# SCI Record (maybe?)



## nimrod-100 (Jan 11, 2006)

Corné,
That´s a fantastic ram you shot. 
Congratulations to this awesome springbok.
Great trophy. :darkbeer:


----------



## Gerhard (Aug 3, 2005)

Boet.

Thats an awesome Springbuck with the bow!!!!!

Congrats


----------



## Karoojager (Dec 20, 2005)

Geluk,

lekker bokke, goed done:darkbeer::darkbeer::darkbeer:

Frank


----------



## INGOZI (May 9, 2005)

Corne, that is an AWESOME Springbuck!
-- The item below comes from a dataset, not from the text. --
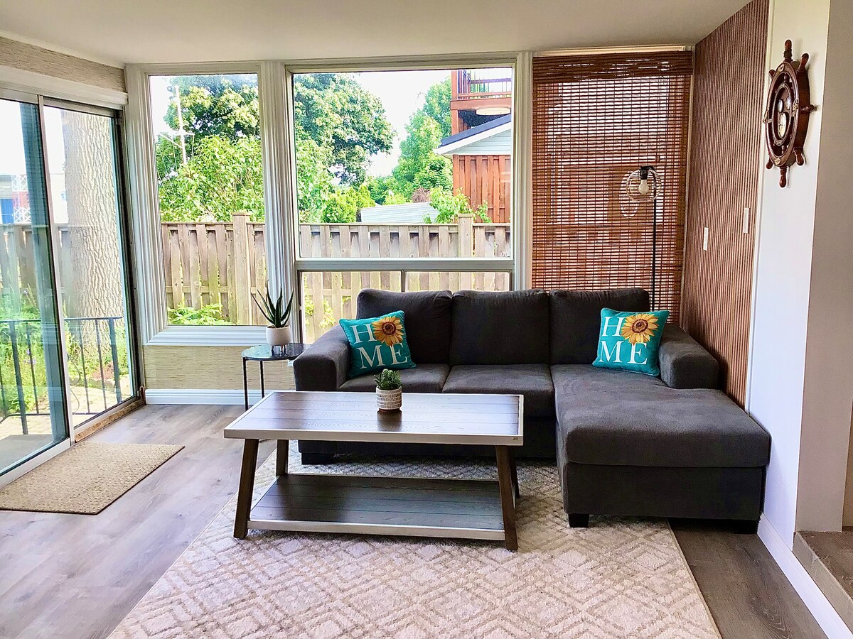 Wygodne miejsca na zimowy wypoczynek❄️ Schowaj się w tym ciepłym i przyjaznym zimowym schronieniu, gdzie płatki śniegu opadają za oknami, a świat na zewnątrz wydaje się spokojny i cichy. Spędzaj mroźne poranki na ogrzewanej werandzie z gorącą kawą, przytulne popołudnia zwinięte w kłębek z dobrą książką i spokojne wieczory, oglądając padający śnieg. Idealne na weekendowe wypady, wakacje połączone z pracą lub spokojny wypoczynek przed świętami. Kilka kroków od ścieżki kanału Welland!

Congratulations!!!

I have quickly checked my SCI Archery Record Book (Edition 2)

Your Score ( I simply doubled your length and bases) is 44"

The South African Springbuck:

No.1) Thomas A Shimak - Score 44" (16 1/2")
No.2) Lora Ballweber - Score 41 5/8" (14 1/2")
No.3) Edward J Roskopf - Score 41 3/8" (14 6/8")

I must say that you must be as close to the number one as dammit is to swearing!! Seeing as it is a Top Ten trophy you will have to let it dry for 60days before having it measured by a registered official Master Measurer, then only can you enter it into the book. But regardless of all that you still have an awesome Springbuck trophy!! Congrats!!


----------



## Landrover (Nov 20, 2007)

very nice or as I like to say on TexasBowhunter.com........"Boo-Yah"!!!! Well done sir!!!!


----------



## Karoojager (Dec 20, 2005)

Hello Cmitch,

Seems you Springbuck is on place 2 in SCI ranking list:thumbs_up

Here the currently 3rd classified records

Place : 1) 44 2/8
Place : 2 ) 44
Place : 3 ) 43 5/8


----------



## Matatazela (Mar 1, 2005)

Brilliant! Well done. I hope that the drying out period is kind to you. Let us know how the measuring goes.


----------



## ASG (Jun 25, 2007)

Very well done!
That's a huge Springbuck.:thumbs_up


----------



## Bushkey (Mar 17, 2006)

Wat kan ek nog se. Great bok.


----------